• Requirement:
Only the lines from the start of the data through the line with "Join the Wild" belong in the copy. Restate them word for word, minus the pictures.

• Raw data:
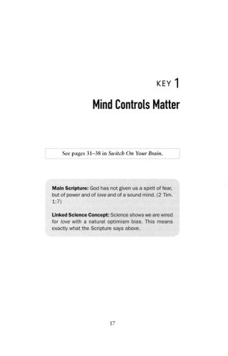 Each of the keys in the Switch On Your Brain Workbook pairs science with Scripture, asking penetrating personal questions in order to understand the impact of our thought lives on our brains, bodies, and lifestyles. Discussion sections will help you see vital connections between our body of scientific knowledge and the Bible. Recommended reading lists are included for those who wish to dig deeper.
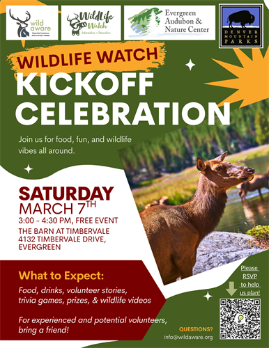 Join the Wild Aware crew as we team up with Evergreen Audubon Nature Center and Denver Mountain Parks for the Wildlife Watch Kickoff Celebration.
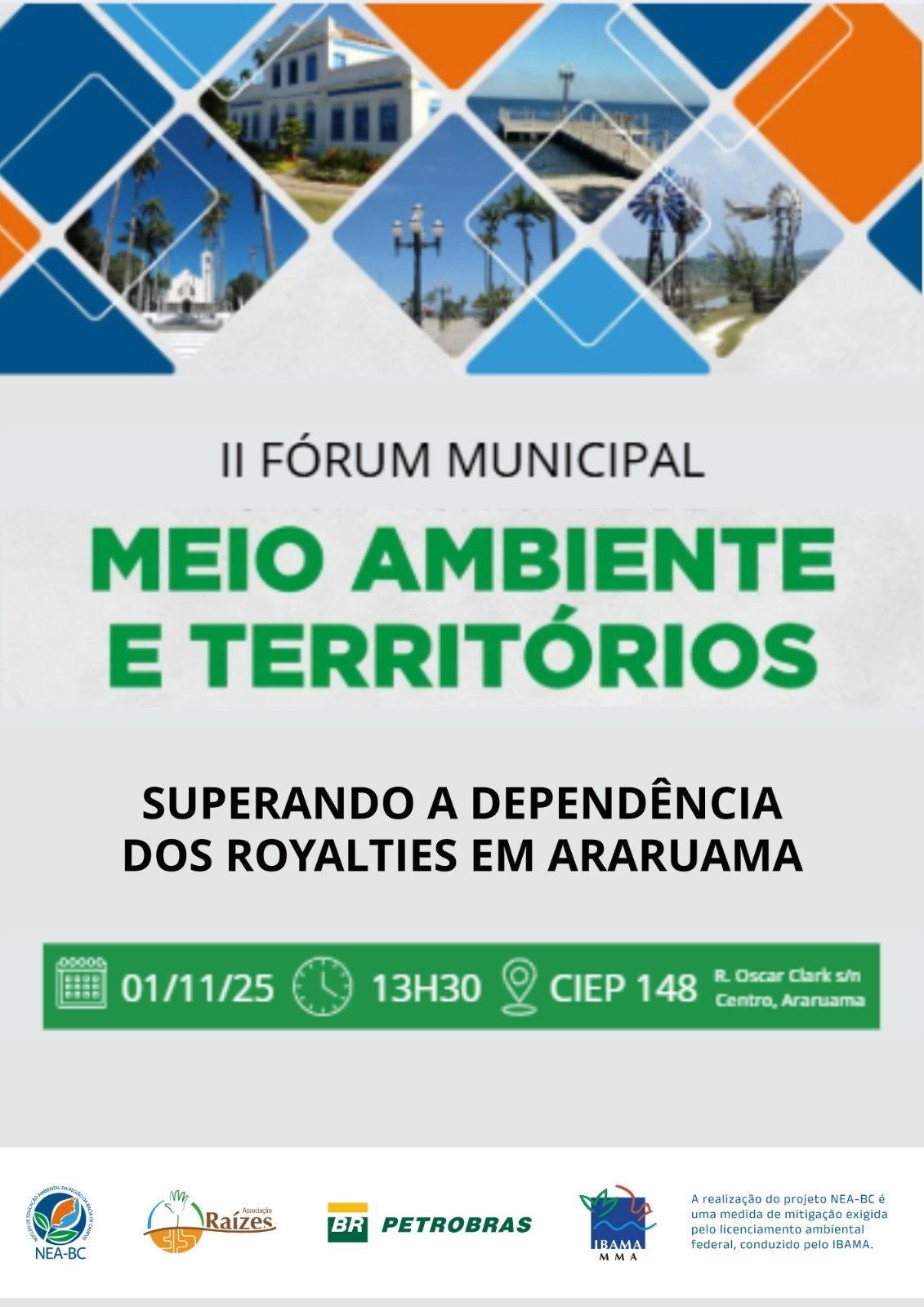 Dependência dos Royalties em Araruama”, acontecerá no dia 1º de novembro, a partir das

• Solved exercise:
 Each of the keys in the Switch On Your Brain Workbook pairs science with Scripture, asking penetrating personal questions in order to understand the impact of our thought lives on our brains, bodies, and lifestyles. Discussion sections will help you see vital connections between our body of scientific knowledge and the Bible. Recommended reading lists are included for those who wish to dig deeper.
 Join the Wild Aware crew as we team up with Evergreen Audubon Nature Center and Denver Mountain Parks for the Wildlife Watch Kickoff Celebration.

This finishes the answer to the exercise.